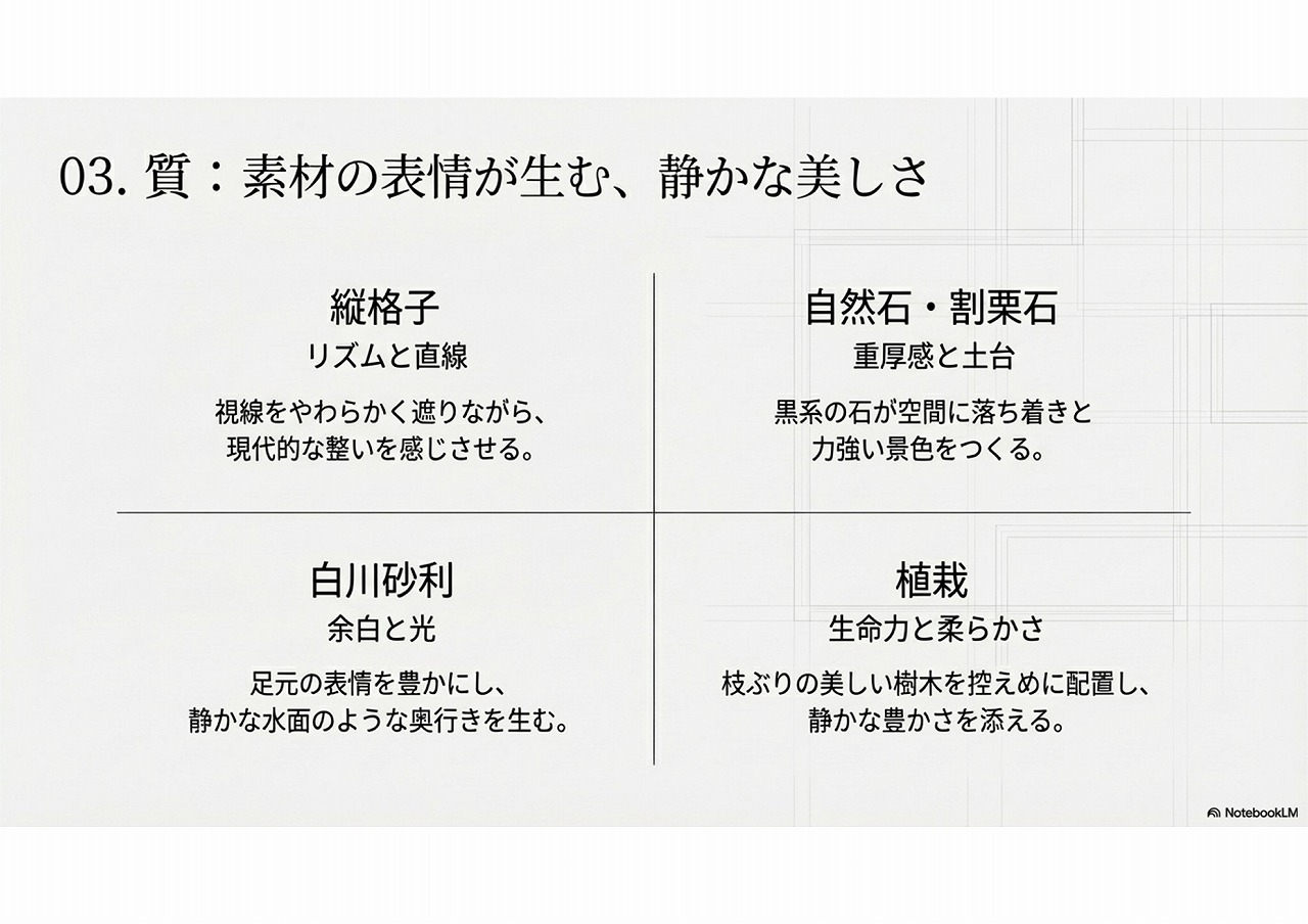 また、植栽も重要な要素であり、枝ぶりの美しい樹木や足元の低木を控えめに配置することで、空間に静かな豊かさを添えることができます。
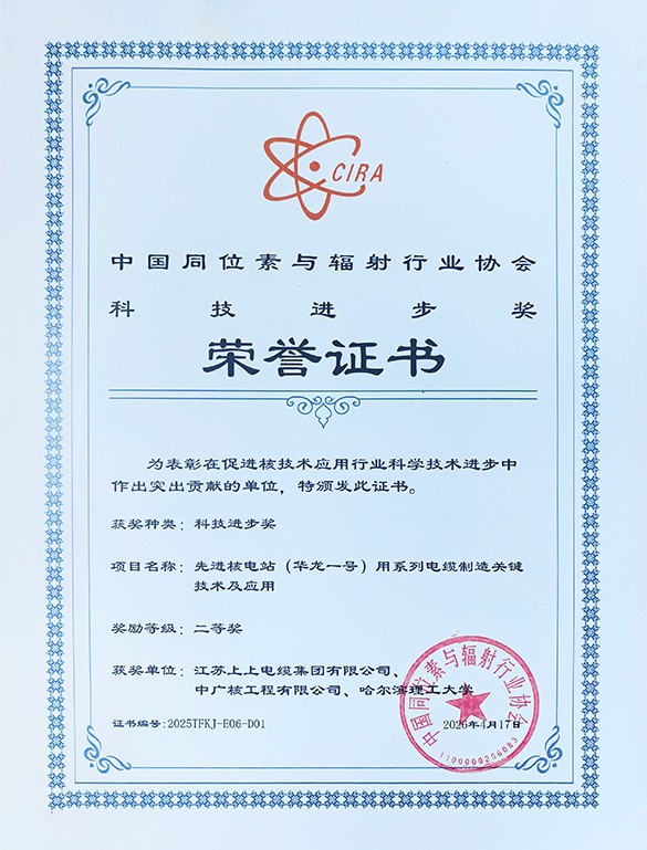 近日,由江蘇上上電纜集團(tuán)攜手中廣核工程有限公司、哈爾濱理工大學(xué)聯(lián)合攻關(guān)的“先進(jìn)核電站(華龍一號(hào))用系列電纜制造關(guān)鍵技術(shù)及應(yīng)用”項(xiàng)目,成功斬獲2025年度中國(guó)同位素與輻射行業(yè)協(xié)會(huì)科學(xué)技術(shù)二等獎(jiǎng)。該項(xiàng)目一舉攻克了我國(guó)自主三代核電站“華龍一號(hào)”用系列電纜的多項(xiàng)關(guān)鍵技術(shù)難題,為推動(dòng)我國(guó)核級(jí)電纜技術(shù)進(jìn)步注入了強(qiáng)勁動(dòng)力。
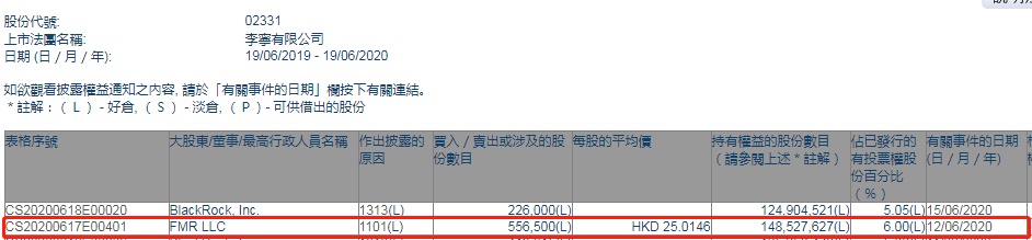 智通财经APP获悉,香港联交所最新资料显示,6月12日,FMR LLC增持李宁(02331)55.65万股,每股作价25.0146港元,总金额约为1392.06万港元。增持后最新持股数目约为1.49亿股,最新持股比例为6%。
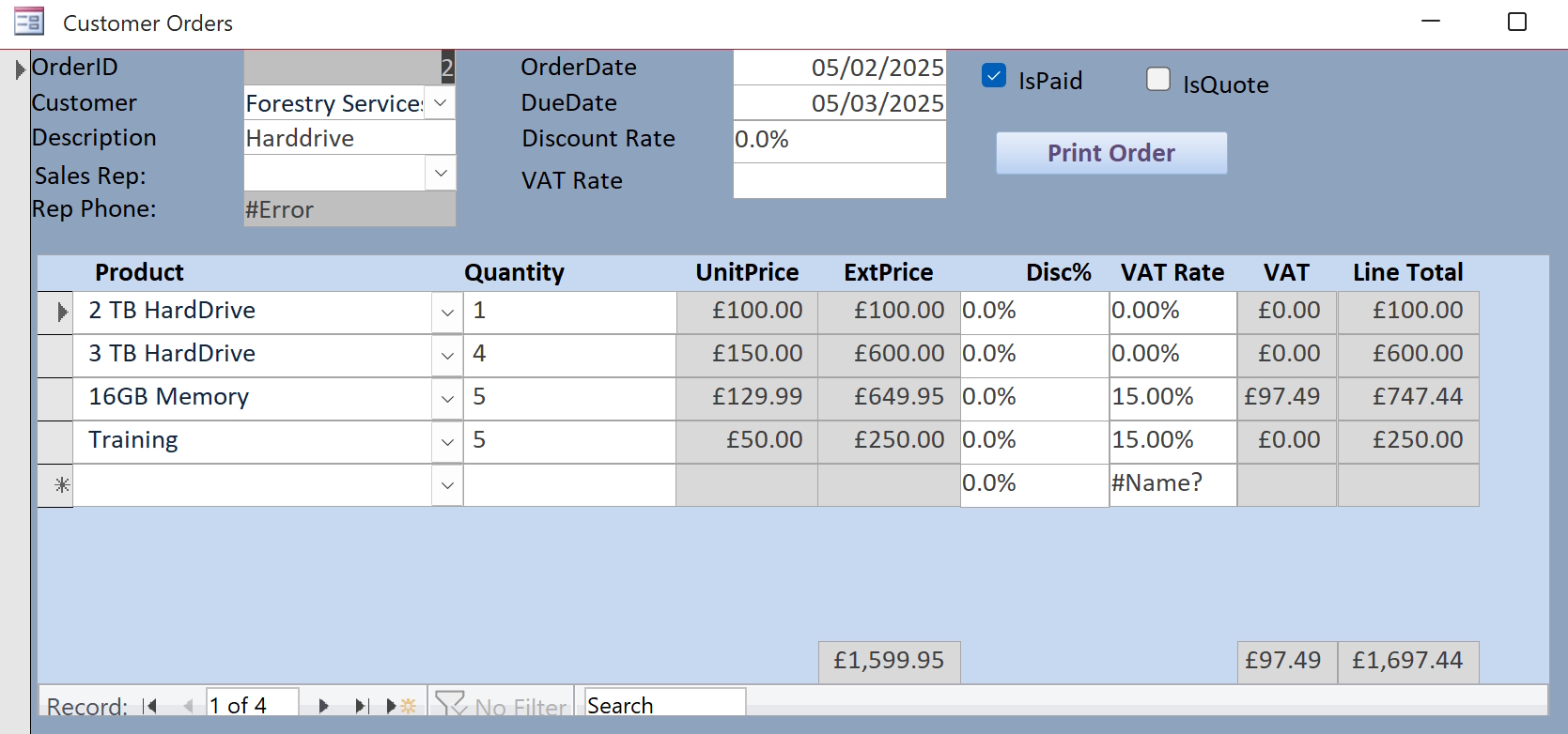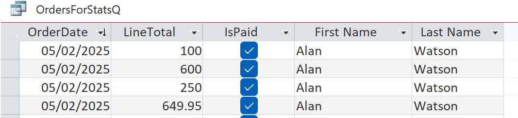 I have updated an order for a customer for the 5th February 2025 (which is a date in the last 30 days) and so should be displayed on the MainMenuF using the property  =DSum("LineTotal","OrdersForStatsQ","OrderDate>= #" & Date()-30 & "#"). Only it doesn't!.
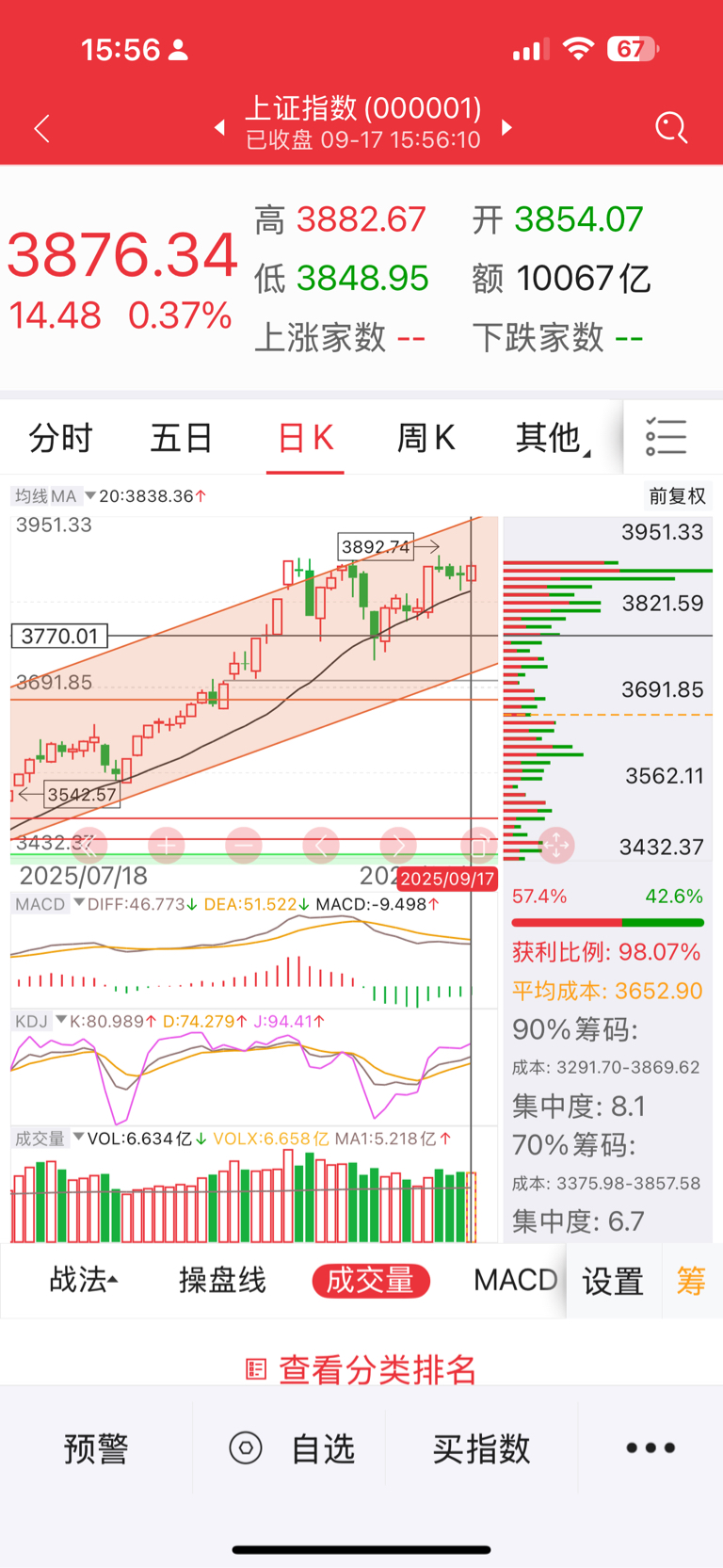 3.日线,目前收盘价还在14.07元上方,仓位还有一半,股价只要还在13线上,就持有!
----
# What you will do
Drop the pictures, then repeat the material word for word.

# Written solution
 また、植栽も重要な要素であり、枝ぶりの美しい樹木や足元の低木を控えめに配置することで、空間に静かな豊かさを添えることができます。
 近日,由江蘇上上電纜集團(tuán)攜手中廣核工程有限公司、哈爾濱理工大學(xué)聯(lián)合攻關(guān)的“先進(jìn)核電站(華龍一號(hào))用系列電纜制造關(guān)鍵技術(shù)及應(yīng)用”項(xiàng)目,成功斬獲2025年度中國(guó)同位素與輻射行業(yè)協(xié)會(huì)科學(xué)技術(shù)二等獎(jiǎng)。該項(xiàng)目一舉攻克了我國(guó)自主三代核電站“華龍一號(hào)”用系列電纜的多項(xiàng)關(guān)鍵技術(shù)難題,為推動(dòng)我國(guó)核級(jí)電纜技術(shù)進(jìn)步注入了強(qiáng)勁動(dòng)力。
 智通财经APP获悉,香港联交所最新资料显示,6月12日,FMR LLC增持李宁(02331)55.65万股,每股作价25.0146港元,总金额约为1392.06万港元。增持后最新持股数目约为1.49亿股,最新持股比例为6%。
 I have updated an order for a customer for the 5th February 2025 (which is a date in the last 30 days) and so should be displayed on the MainMenuF using the property  =DSum("LineTotal","OrdersForStatsQ","OrderDate>= #" & Date()-30 & "#"). Only it doesn't!.
 3.日线,目前收盘价还在14.07元上方,仓位还有一半,股价只要还在13线上,就持有!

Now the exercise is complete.